**Multiple Linear Regression on a Small Toy Dataset**

In this notebook, we will:

- Create a small, easy-to-understand dataset
- Use Multiple Linear Regression (MLR)
- Learn the equation:

\[
{y} = a + b_1 x_1 + b_2 x_2 + b_3 x_3
\]

- Predict values for **new inputs** where y is unknown


In [1]:
import numpy as np
import pandas as pd
import matplotlib.pyplot as plt

from sklearn.linear_model import LinearRegression
from sklearn.metrics import mean_squared_error, r2_score


In [4]:
X = np.array([
    [1.0, 2, 10],
    [1.5, 3, 5],
    [2.0, 3, 2],
    [2.5, 4, 1],
    [3.0, 4, 15],
    [3.5, 5, 20],
    [4.0, 4, 8],
    [4.5, 5, 12]
])

y = np.array([150, 200, 250, 300, 320, 330, 360, 380])

df = pd.DataFrame(X, columns=["Size (1000 sqft)", "Bedrooms", "Age (years)"])
df["Price (1000$)"] = y

df


Unnamed: 0,Size (1000 sqft),Bedrooms,Age (years),Price (1000$)
0,1.0,2.0,10.0,150
1,1.5,3.0,5.0,200
2,2.0,3.0,2.0,250
3,2.5,4.0,1.0,300
4,3.0,4.0,15.0,320
5,3.5,5.0,20.0,330
6,4.0,4.0,8.0,360
7,4.5,5.0,12.0,380


In [5]:
X = df[["Size (1000 sqft)", "Bedrooms", "Age (years)"]]
y = df["Price (1000$)"]

print("X shape:", X.shape)
print("y shape:", y.shape)


X shape: (8, 3)
y shape: (8,)


In [6]:
model = LinearRegression()
model.fit(X, y)

a = model.intercept_      # intercept
b1, b2, b3 = model.coef_  # coefficients

print("Intercept (a):", a)
print("Coefficient for Size (b1):", b1)
print("Coefficient for Bedrooms (b2):", b2)
print("Coefficient for Age (b3):", b3)

print(f"\nLearned equation (ma'am style):")
print(f"Price = {a:.2f} + {b1:.2f} * Size + {b2:.2f} * Bedrooms + {b3:.2f} * Age")

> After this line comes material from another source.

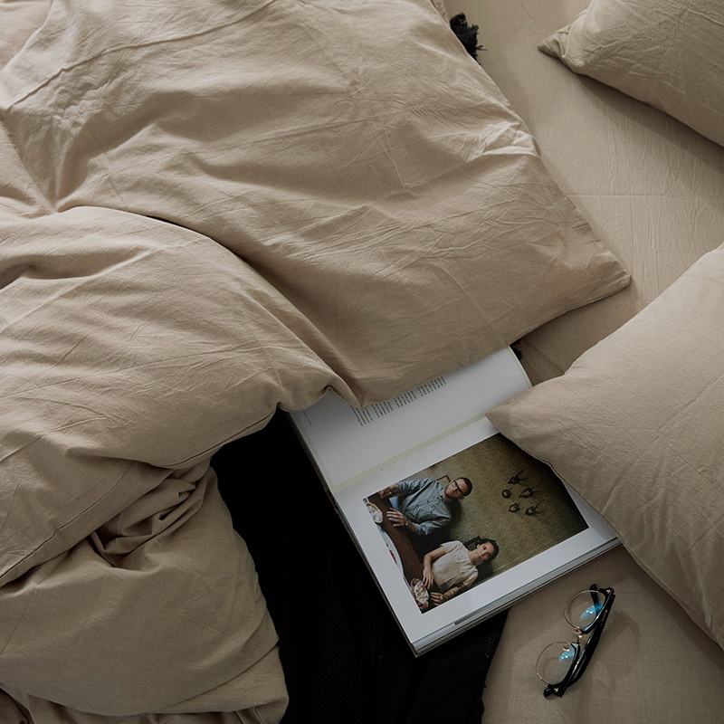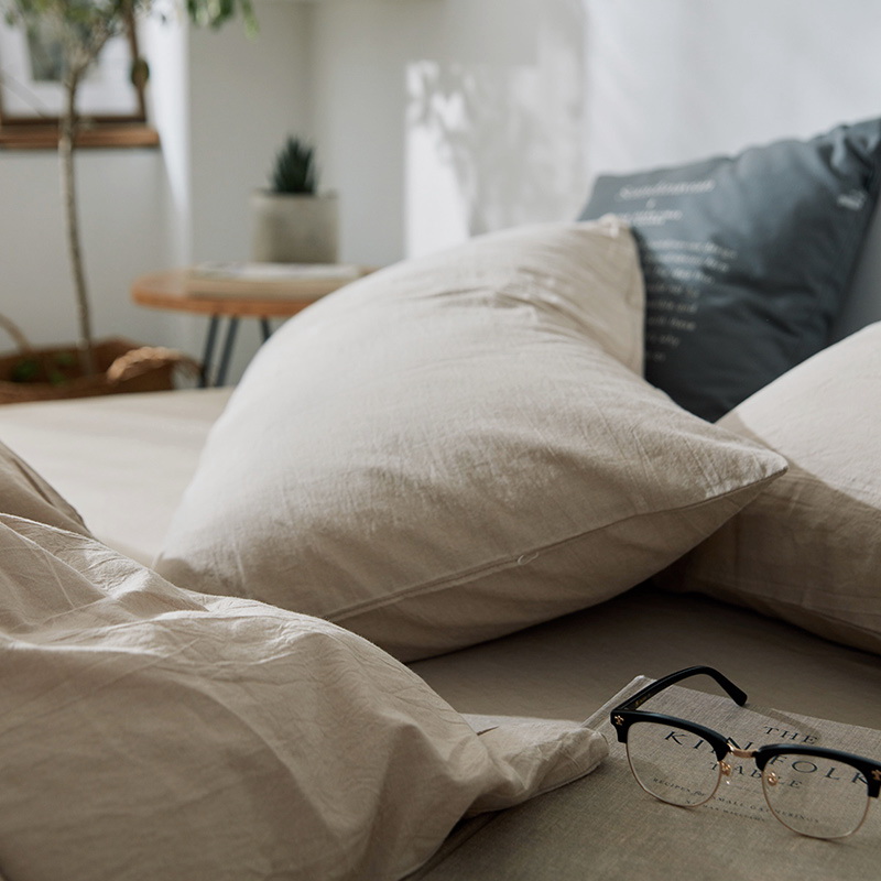 以极简美学诠释生活本真,采用优质全棉,通过色织水洗工艺打造柔软贴肤、自然褶皱的慵懒质感。低饱和中性色调温柔适配多种空间,活性印染技术。越洗越软的特性伴随时光沉淀,赋予睡眠温柔而长久的陪伴。

Intercept (a): 78.43180896513351
Coefficient for Size (b1): 50.121188686541004
Coefficient for Bedrooms (b2): 22.769798081729242
Coefficient for Age (b3): -1.6878707572170897

Learned equation (ma'am style):
Price = 78.43 + 50.12 * Size + 22.77 * Bedrooms + -1.69 * Age


In [7]:
y_pred = model.predict(X)

comparison_df = pd.DataFrame({
    "Size (1000 sqft)": X["Size (1000 sqft)"],
    "Bedrooms": X["Bedrooms"],
    "Age (years)": X["Age (years)"],
    "Actual Price": y,
    "Predicted Price": y_pred
})

comparison_df

Unnamed: 0,Size (1000 sqft),Bedrooms,Age (years),Actual Price,Predicted Price
0,1.0,2.0,10.0,150,157.213886
1,1.5,3.0,5.0,200,213.483632
2,2.0,3.0,2.0,250,243.607839
3,2.5,4.0,1.0,300,293.126102
4,3.0,4.0,15.0,320,294.556506
5,3.5,5.0,20.0,330,333.947545
6,4.0,4.0,8.0,360,356.49279
7,4.5,5.0,12.0,380,397.571699


In [8]:
mse = mean_squared_error(y, y_pred)
r2 = r2_score(y, y_pred)

print("Mean Squared Error (MSE):", mse)
print("R² Score:", r2)

Mean Squared Error (MSE): 163.24729093772712
R² Score: 0.9708405620429402


In [9]:
X_new = pd.DataFrame({
    "Size (1000 sqft)": [2.0, 3.5],
    "Bedrooms": [3, 4],
    "Age (years)": [5, 10]
})

y_new_pred = model.predict(X_new)

new_results = X_new.copy()
new_results["Predicted Price (1000$)"] = y_new_pred

new_results

Unnamed: 0,Size (1000 sqft),Bedrooms,Age (years),Predicted Price (1000$)
0,2.0,3,5,238.544227
1,3.5,4,10,328.056454


In [10]:
x1 = X_new.iloc[0]["Size (1000 sqft)"]
x2 = X_new.iloc[0]["Bedrooms"]
x3 = X_new.iloc[0]["Age (years)"]

# Manual calculation using y = a + b1*x1 + b2*x2 + b3*x3
y_manual = a + b1 * x1 + b2 * x2 + b3 * x3

print("From model.predict():", y_new_pred[0])
print("From manual formula a + b1*x1 + b2*x2 + b3*x3:", y_manual)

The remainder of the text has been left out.